*TASK PROMPT*:
All of the lines below are to be transcribed faithfully, with pictures excluded from the copy.

*DATA SHOWN*:

====

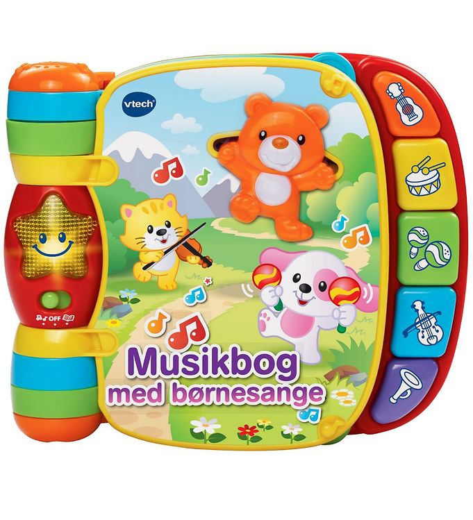 Vtech Bog m. Lyd - Dansk - Musikbog Med Børnesange er den perfekte gave til små musikelskere! Denne interaktive bog er designet til at engagere og underholde dit barn, samtidig med at den styrker deres sprogkundskaber og musikforståelse.
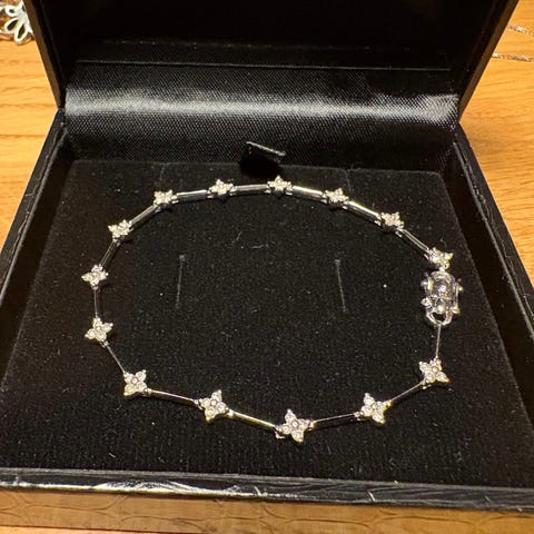 Armlænke, guld, 14 karat guld – hvidguld armlænke, Virkelig Smuk og Feminin 14 Karat Secondhand Guld Armlænke m. Hvert Andet Led i Satineret Hvidguld og Prydet m. 28 Funklende CZ. Zirkonia.
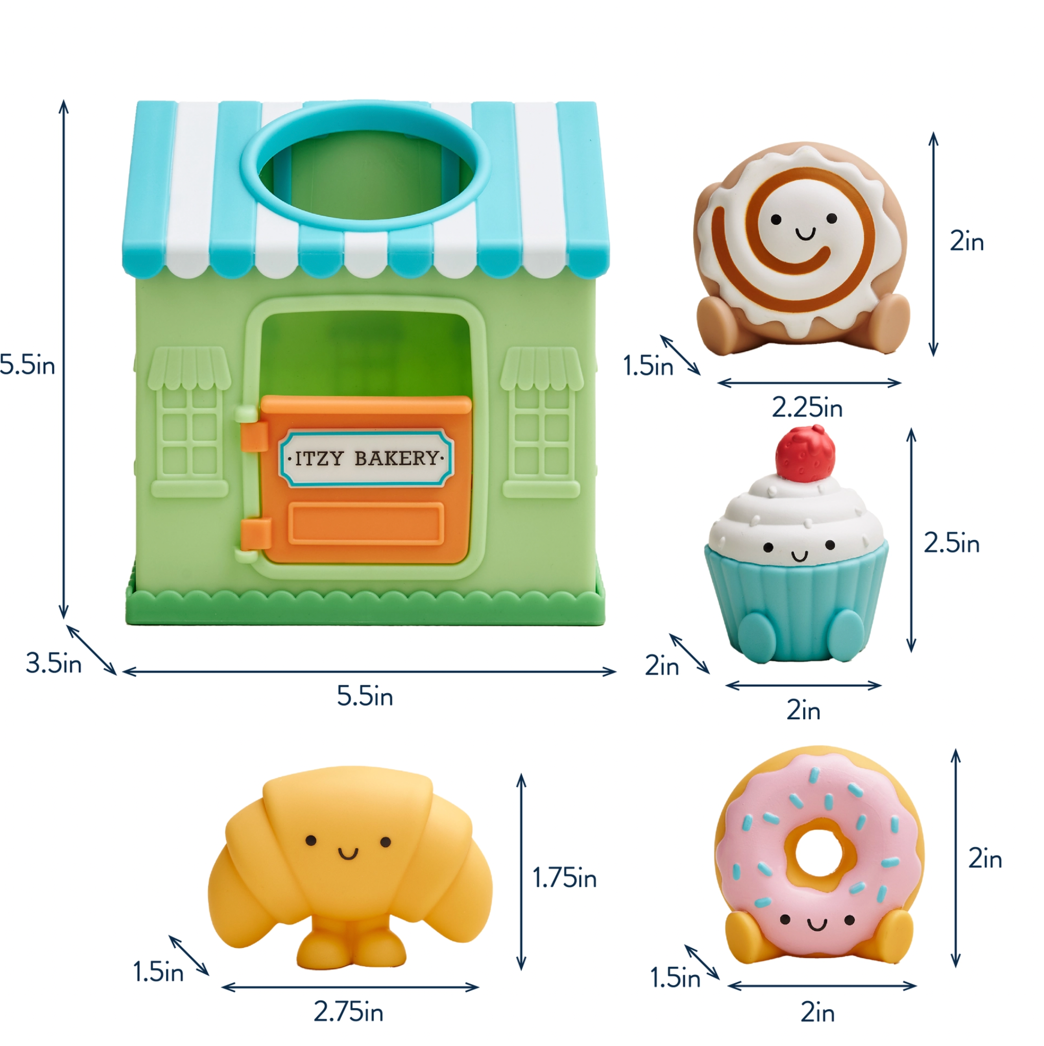 Donut Worry, Be Happy! Learning is sweet with Itzy Play Bakery™ spill and fill activity toy! Featuring a mini bakery with hinged door and rooftop opening plus four soft, squeezy sweets, your babe’s imagination will go through the roof as they explore put-and-take play, learn object permanence, and create endless storytelling adventures.

====

*EXERCISE RESULT*:
 Vtech Bog m. Lyd - Dansk - Musikbog Med Børnesange er den perfekte gave til små musikelskere! Denne interaktive bog er designet til at engagere og underholde dit barn, samtidig med at den styrker deres sprogkundskaber og musikforståelse.
 Armlænke, guld, 14 karat guld – hvidguld armlænke, Virkelig Smuk og Feminin 14 Karat Secondhand Guld Armlænke m. Hvert Andet Led i Satineret Hvidguld og Prydet m. 28 Funklende CZ. Zirkonia.
 Donut Worry, Be Happy! Learning is sweet with Itzy Play Bakery™ spill and fill activity toy! Featuring a mini bakery with hinged door and rooftop opening plus four soft, squeezy sweets, your babe’s imagination will go through the roof as they explore put-and-take play, learn object permanence, and create endless storytelling adventures.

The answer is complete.